Could you set down the lines from the first line of the entries below through the line with "Букет сердцем из", exactly and with no pictures?

Records drawn from a dataset:
--------------------------------------------------

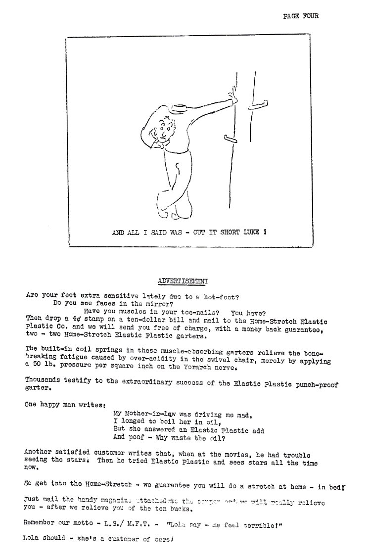 Then drop a 4c stamp on a ten-dollar bill and mail to Home-Stretch Elastic Plastic co. and we will send you free of charge, with a money back guarantee, two-two Home-Stretch Elastic Plastic Garters.
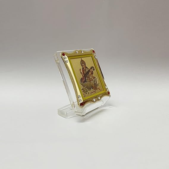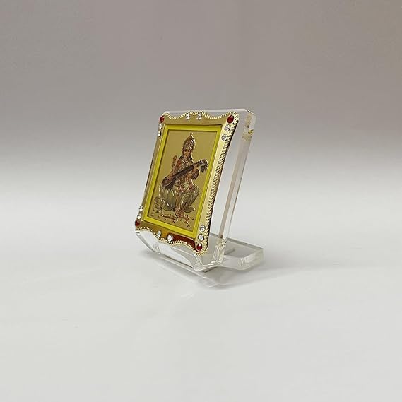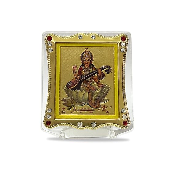 Hindu Goddess : Saraswati Idol For Car Dashboard, Table Decor, Religious Frame for Pooja,Prayer and Gift
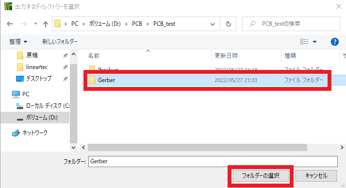 図129に示すように,今回はプロジェクトのディレクトリの中に“Gerber”というディレクトリを新しく作り,ここを指定しました.
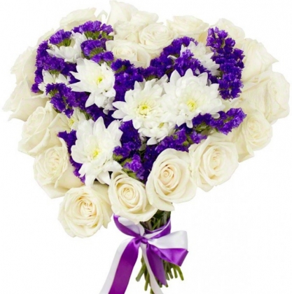 Букет сердцем из роз, хризантем и статицы | Купить в Красногорске
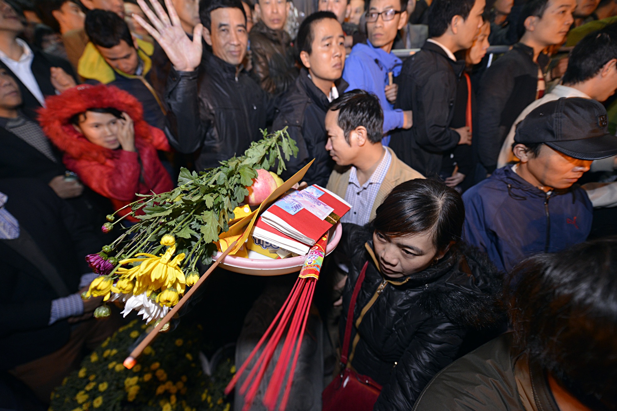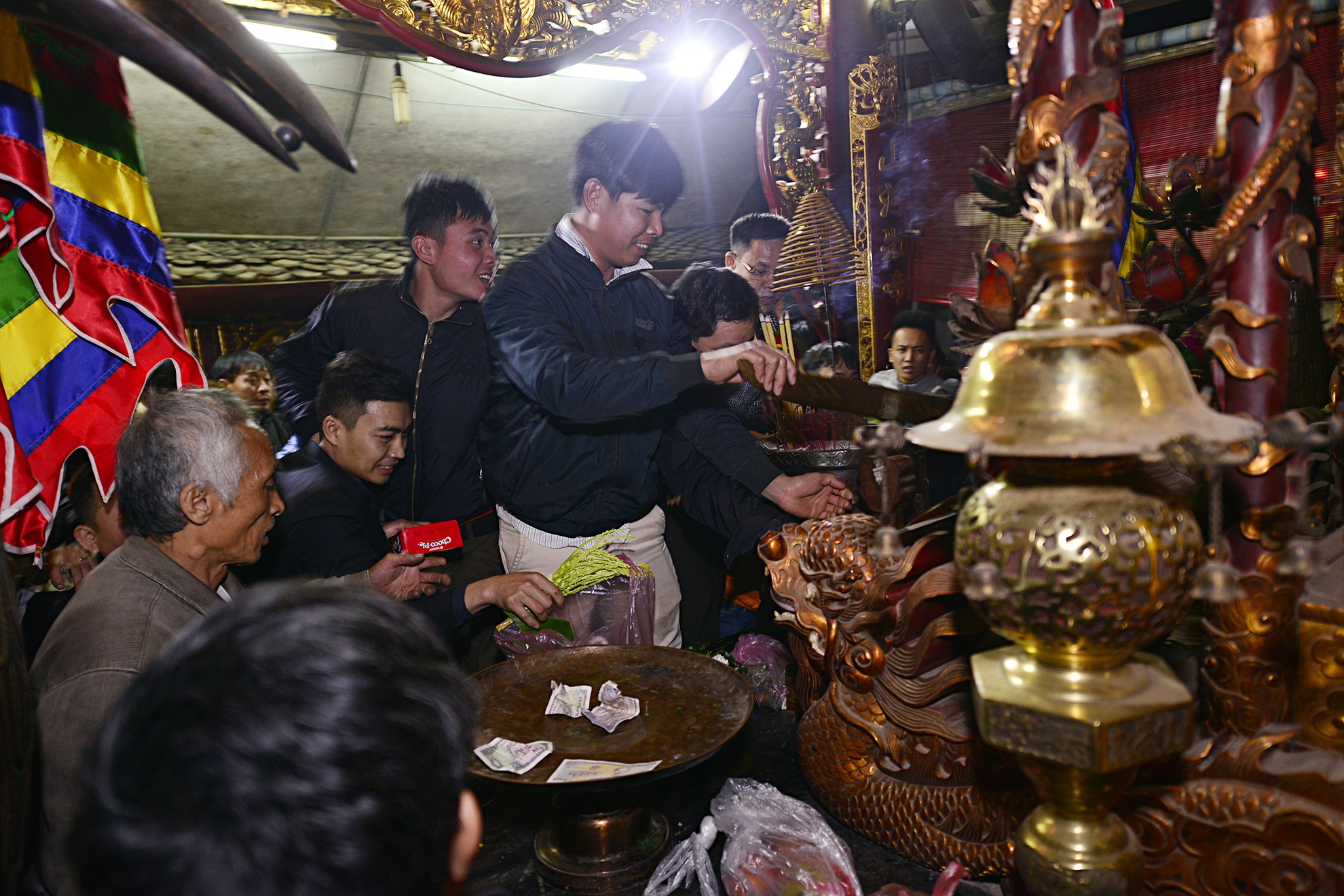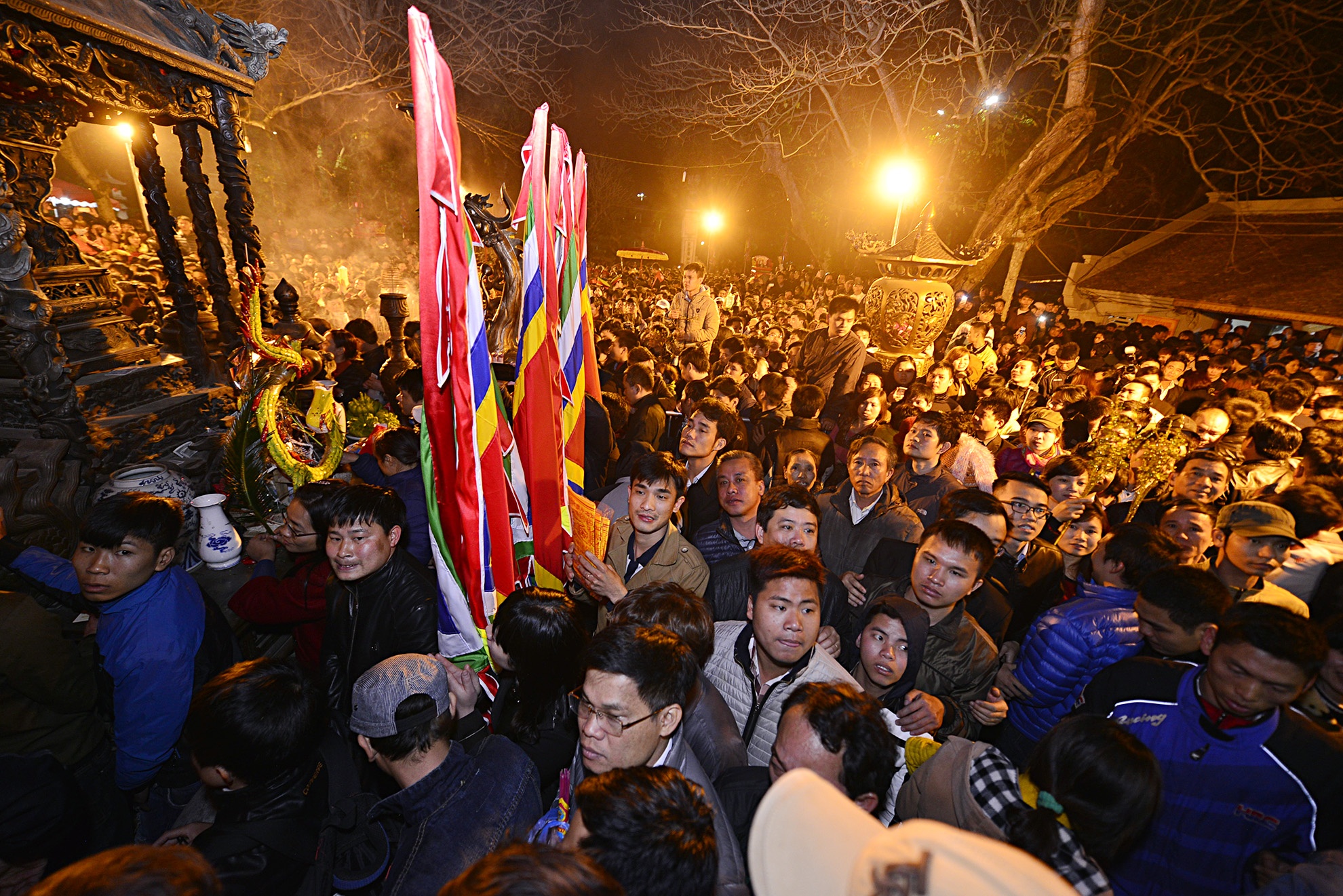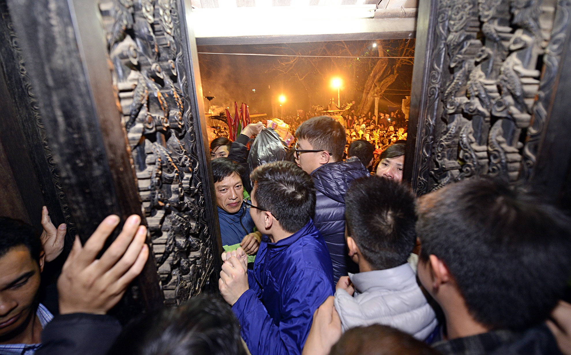 Người dân vứt tiền lẻ, xô đẩy để được chạm vào kiệu khi đoàn đi qua. Lực lượng chức năng phải dựng hàng rào sống, làm việc vất vả mới ngăn được sự rối loạn.

--------------------------------------------------

Exercise solution:
 Then drop a 4c stamp on a ten-dollar bill and mail to Home-Stretch Elastic Plastic co. and we will send you free of charge, with a money back guarantee, two-two Home-Stretch Elastic Plastic Garters.
 Hindu Goddess : Saraswati Idol For Car Dashboard, Table Decor, Religious Frame for Pooja,Prayer and Gift
 図129に示すように,今回はプロジェクトのディレクトリの中に“Gerber”というディレクトリを新しく作り,ここを指定しました.
 Букет сердцем из роз, хризантем и статицы | Купить в Красногорске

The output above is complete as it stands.